Feeling like im burning myself out knowingly and yet cant do anything against it….

Hello there mentalhealth community,
I just hit another low…

Bit about me?
Im autistic and awaiting to get diagnosed with adhd on top of it. According to my therapist id be the book example of add (not the hyperactive kind) but he isnt allowed to diagnose me.
Currently doing my first year of my nursing bachelor (2nd education) ane technically loving it…
the only problem?
The studying. Im struggling to focus or even just pay attention in class. I can read a sentence 10x and still cant process what ive read… it makes me feel so incapable and insanely stupid, besides knowing that i scored high on the iq testing 😭 it feels like my brain is absolutely wirking against me lately and just keeps trying to sabotage me in all my efforts.
Im scared of the semester finals that are next week and feel like im gonna fail them even though im trying my best to study for them…

On top of that my work bestie got burnout so i kinda had to keep an eye on her as she wasnt in a good place and still isnt doing greatly. So if she calls im basically gonna drop what im doing because i never know whats up.

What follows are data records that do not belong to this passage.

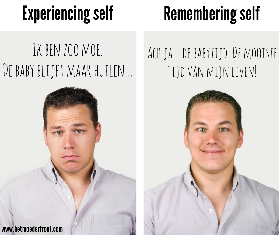 De Amerikaanse psycholoog Daniel Kahneman verklaart deze paradox in termen van een ‘experiencing self’ versus een ‘remembering self’. Je ‘experiencing self’ is het zelf dat leeft en ervaart. Je zou dus verwachten dat dit dominant is. Maar het wonderlijke is, dat het remembering self veel meer gewicht in de schaal legt. En dat, terwijl ons geheugen berucht is om haar onbetrouwbaarheid.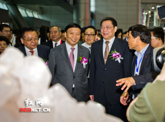 红网郴州5月21日讯(时刻新闻记者 彭双林 摄影 明健飞)5月21日上午,第三届中国(湖南)国际矿物宝石博览会在中国观赏石矿物晶体之都——郴州拉开帷幕。国土资源部部长、国家土地总督察姜大明宣布开幕,湖南省委副书记、省长杜家毫出席。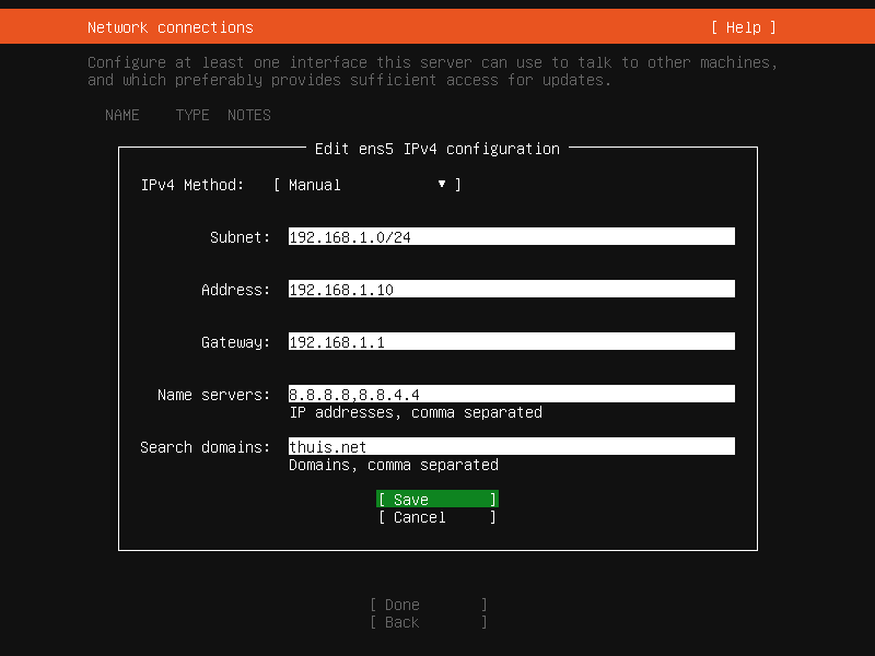 Search domains: thuis.net (De domeinnaam zoals we die thuis in huis hebben.) - Selecteer Save en geef Enter. Je komt nu weer terug in het Network connections scherm. Onder ens5 eth staat nu static 192.168.1.10/24.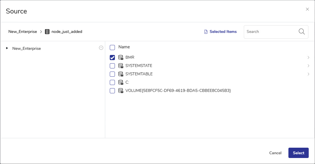 In step 4 (source selection), select the BMR volume.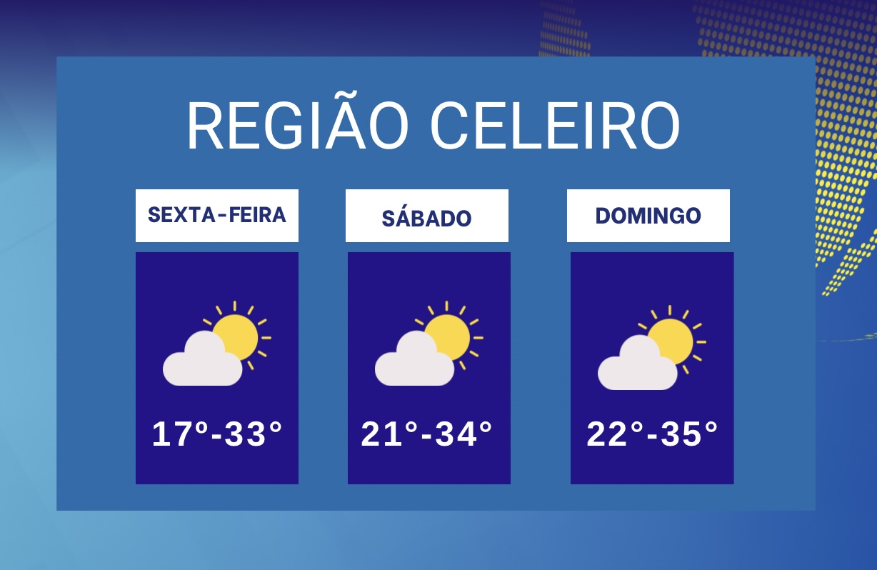 A sexta-feira começou com temperatura em torno dos 17 graus, mas ao longo do dia o calor ganha força, com os termômetros podendo atingir os 33 graus. A elevação nas temperaturas marca a tendência de um fim de semana de tempo firme e calor intenso na região.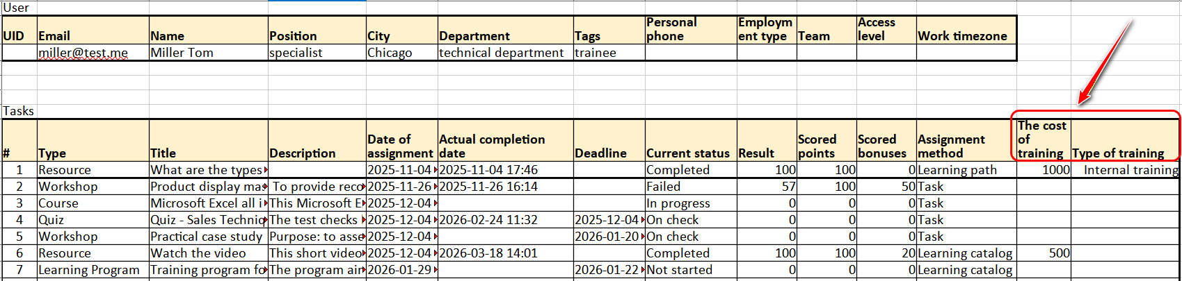 The table displays data on tasks assigned to the User: Name, Type, Date of assignment, Due date, Current status, Result, Scored points. By all these parameters, you can filter the data in the table, as well as sort (alphabetically or in ascending/descending order).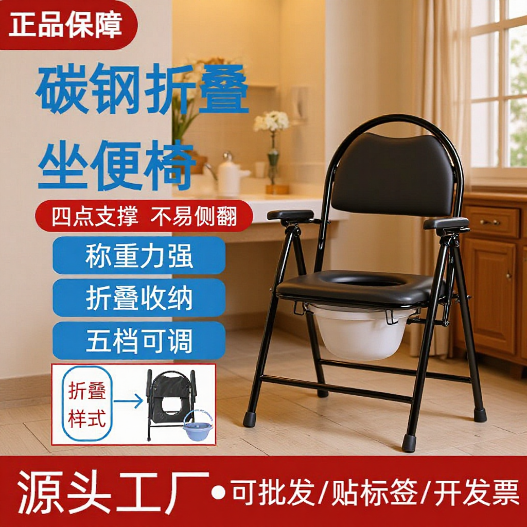 厂家批发老人孕妇室内可折叠坐便椅家用老年坐厕椅碳钢移动马桶凳

Due to the nursing degree being a 100% study and only being able to work occassionally i had to move back home after living on my own during the week (distance whise it only made sense to return on the weekends and i lowkey enjoyed being on my own)
The returing def took an adjustment and im back in the old scheme of hiding in my room… my family doesnt really understand how my diagnosis affects my life and why i struggle with “normal” tasks..
On top of that my parents marriage is disfunctional since years… they have very different ideas of life and are basically not talking anymore… but my mom has a habbit of leaving her mental load regarding that with me… like shed complain about stuff and id tell her how to fix it but she just ignores that and complains about the same bs every time.
Im rather sick of it but also cant really escape as i still have 2 more years in my degree left…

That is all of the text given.